Ledger Cryptocurrency Hack is a Strong Reminder

Ledger Cryptocurrency Hack Is A Strong Reminder

Ledger, a cryptocurrency provider specializing in hardware wallets, has been hacked. The company reports a data breach occurring between June and July 2020 after being altered to a vulnerability. The company was apparently hacked using an API key and the breach included marketing databases containing the email addresses of those targeted for promotional emails.

How many email addresses? Sources report approximately one million. To add insult to injury, a small group of that number also had full names, postal addresses, and phone numbers leaked to hackers.

What often happens to this data is that it is sold, the contact information is often used by hackers to initiate scams or identity theft schemes, and it’s also used to harvest passwords and passphrases from unsuspecting victims.

What Ledger Claims About The Cryptocurrency Hack

The company claims that no payment data, passwords, or other sensitive material got leaked, but how would the average consumer ever know? The company also claims that none of the stolen data was being sold to date, but again--how does the average user know?

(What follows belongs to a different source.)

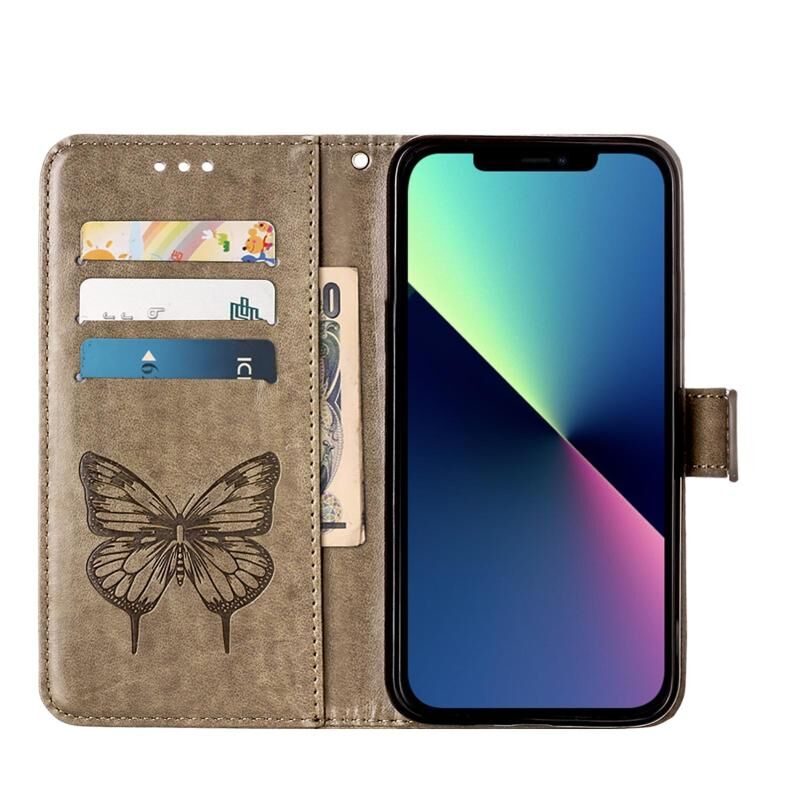 Θήκη τηλεφώνου από δέρμα με ανάγλυφο σχέδιο πεταλούδας για iPhone 15 Pro Max (Σκούρο Μωβ)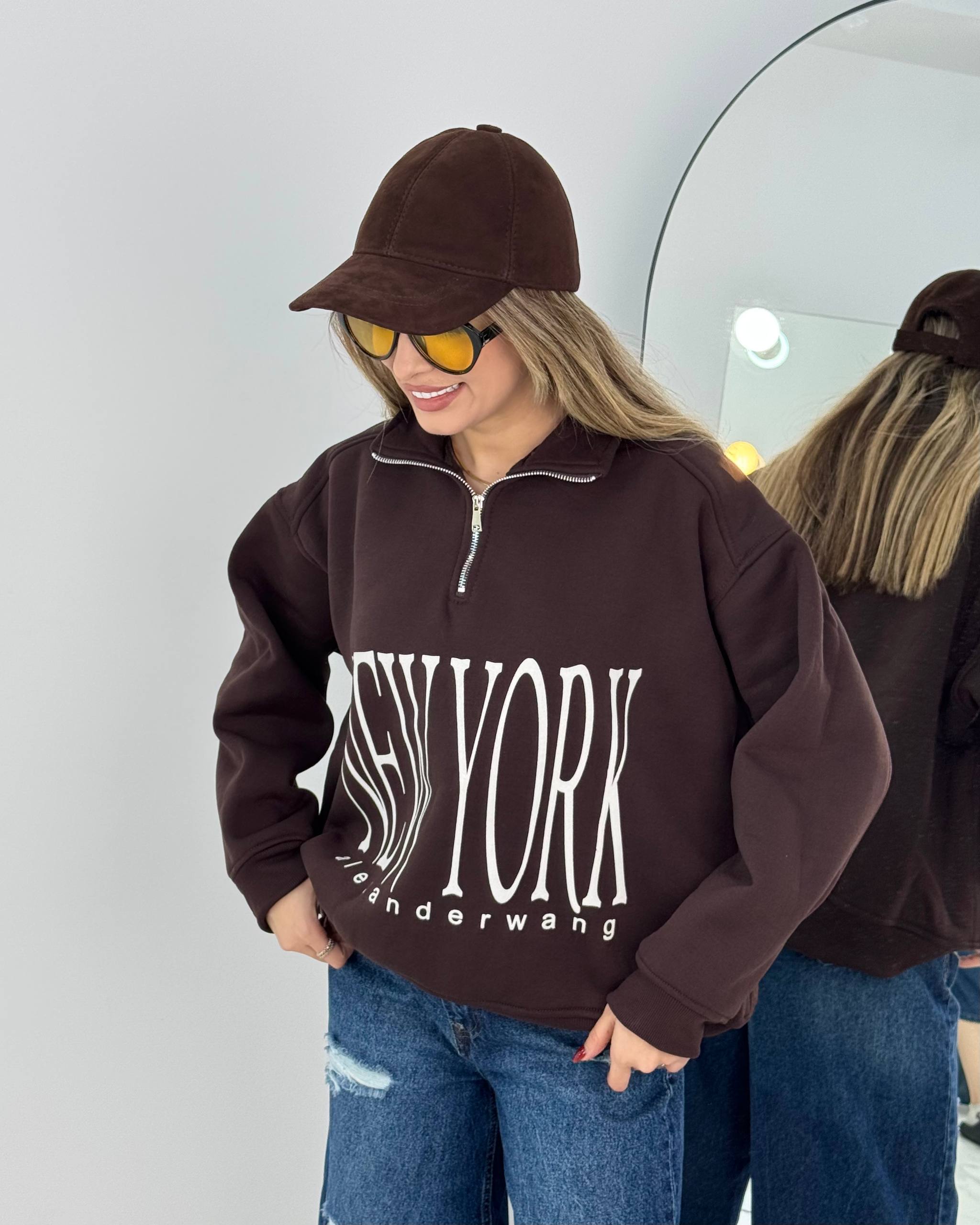 دورس نیم زیپ نوشته گلدوزی مدل نیویورک

In my experience, the Ledger issue reveals three important things. The first is that when dealing with cryptocurrency, your risks of encountering hacks or becoming a victim of hackers is elevated. There is a high degree of attention on crypto including from black hat hackers and those looking to run email scams, cell phone scams, etc. The police and news media also pay more attention these days to cryptocurrency hack issues, too.

Be An Informed User

There is nothing wrong with crypto, investing in it, or being part of the cryptocurrency community–as long as you understand the elevated risks and make informed choices with that in mind.

The second thing to remember? The garden variety standard personal security measures generally apply for crypto-related hacks and scams, too. Don’t directly reply to unsolicited emails, don’t click on links in those unsolicited emails.

And when it comes to cell phone calls from people you don’t know for services you didn’t inquire about? Just hang up. Every single time.

Be Paranoid About Your Data

And that means knowing the official company policy about how and when you are contacted. Legitimate companies avoid practices that can be used by scammers–for example, many legitimate company emails make a point to mention (usually in the fine print) that you will never be asked by that company for certain information by email such as a recovery phrase or password.

Don’t hand out your passwords, passphrases, or PIN codes. If you need to reset them, contact the company directly at its main customer service number and don’t use phone numbers or email addresses supplied to you by an unsolicited email even if you think it might be legit. In the case of the data breach we’re reporting on here, the company Ledger reminds its users that it will never ask for recovery phrases and any email sent to a Ledger customer asking for these recovery phrases should be ignored.